Jesus loves the little children.
All the children of the world.
Red and yellow, black and white
They are precious in his sight.
Jesus loves the little children of the world.


This is a Mohegan tribal medicine wheel which hangs above my desk.
I
t represents the Earth, the four points of the universe and yes...
Red and Yellow, Black and White....all the people of the world.

6 comments:

Susan said...

Nice post, with a big sigh of 'if only' from here!

If you ever get a chance, drive north and visit Yogaville, near Charlottesville VA; they celebrate the idea of "truth is one, paths are many" where everyone in the world regardless of ethnicity or religion actually gets along. The gardens are spectacular; the whole place worth a long drive.

And the next time you're in a library, ask for The Long March: it's a children's picture book that tells a story of the Choctaw after their Trail of Tears and the Irish during the Great Hunger; wonderful if you enjoy the 'brotherhood of the oppressed' type story, as I do LOL.

Ok, I've bossed you enough for today. Didn't mean to give you 'homework'!
;-)

Peggy said...

Loved your post. My niece is native american and we can learn so much from their culture!

Linda McGeary said...

I also loved your story, and personal feelings about our "Red" siblings, I love the music of the plains flute and the South American flute, the Ocarina. I play them both. I taught myself because there was no one around to teach me or who would take the time. I immersed myself in the music of those like Mary Youngblood, Carlos Nikkei, and many others. Some local players who have CD's and began making up my own flute songs.
My oldest son, when he was getting married, ask me to write them a song and play at their wedding.
"The Sun and the Moon" a wedding song.
I've been playing now for about 7 years.
Another family story, yours reminded me of was when my boys were 4 and 6 and we went to a conference in Eugene Or, the boys were talking to a small group of women in the kitchen who were working on the lunch prep.
One of the women ask who is your mother? Toby our youngest, said, "Earth!"
She laughed, "No, I mean who did you come here with?"
"Oh," says Toby, pointing at me accrossed the room. "That lady over there."
When the woman talked to me later, and ask what relation those two cute little boy where to me, and I said my sons, she told me that story.
The boys and I had just spent some time on not littering, because it was just like spitting in your mother's face. We talked a lot about Earth being our Mother.

hope said...

Susan...I expect you to lead the way with interesting books. :)

Peggy, my family always thought I was nuts because I keep thinking there HAS to be a Native American in the family tree. I feel such an affinity for them, with no explanation. Thought I'd found one: last name Featherstone. Turned out to be German of all things!

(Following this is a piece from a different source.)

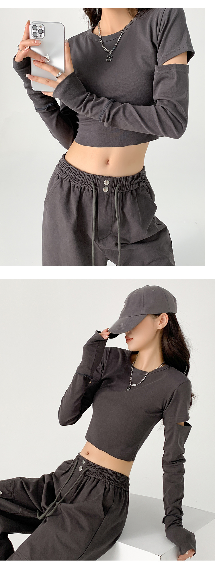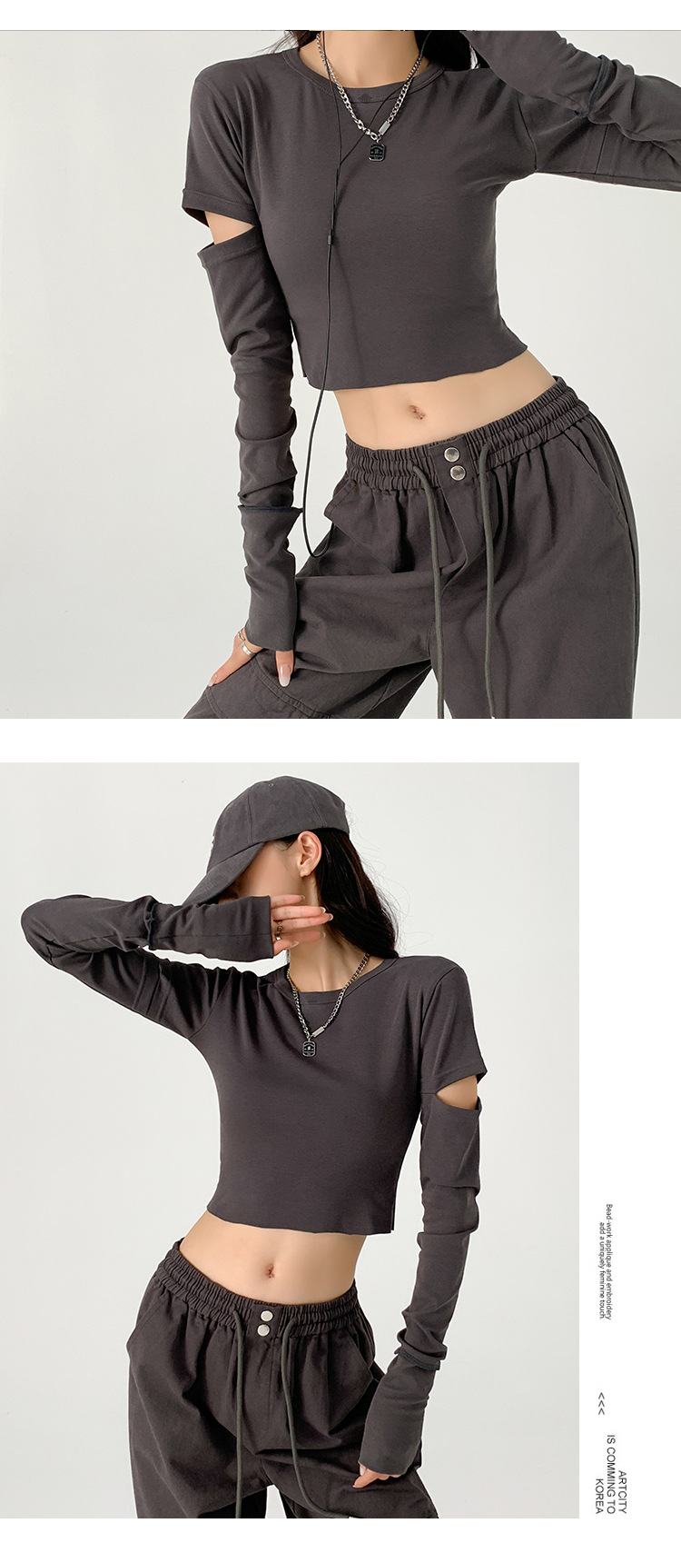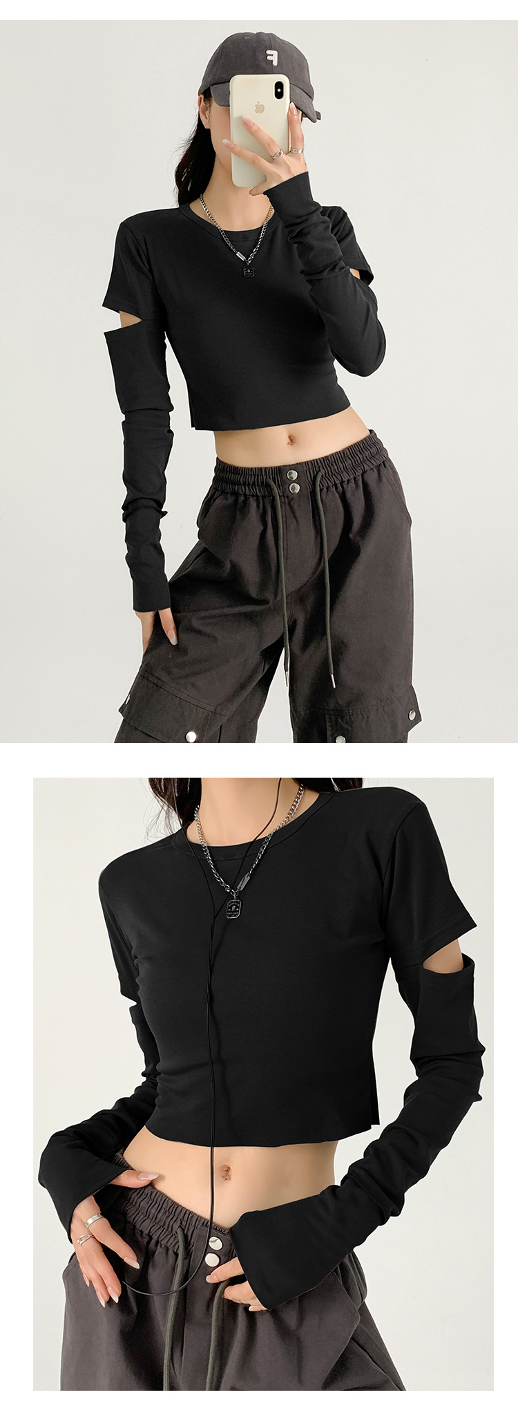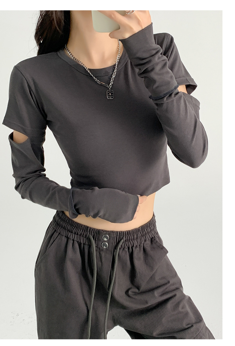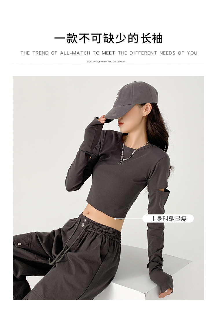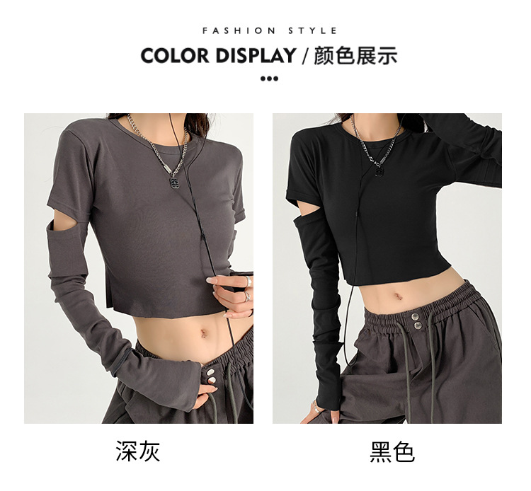 纯棉割破长袖t恤女内搭秋季新款修身辣妹打底衫外穿短款显瘦上衣

Linda, I've always wanted to play a Native American flute. Maybe I should put that on my next "Things I Want to Do" list. :) I love Carlos Nakai! I think it's wonderful that you've written your own song...and raised such fun kids! ;)

dvanhoeven said...

Red, Yellow, blackand white--that is the theme of our special needs camp, Camp Sunshine (Camp Sunshine.info)--We need to know where you got your Mohegan Wheel--we want some like that one to use as visuals for our people--thanks for helping us--

hope said...

Hi! I got the medicine wheel on a trip to Canada but I believe that particular tribe is also in the N.Y. area as well. Perhaps if you try googling the name of the tribe, you'll come up with a gift shop...or a link to a Native American craft site. Good luck!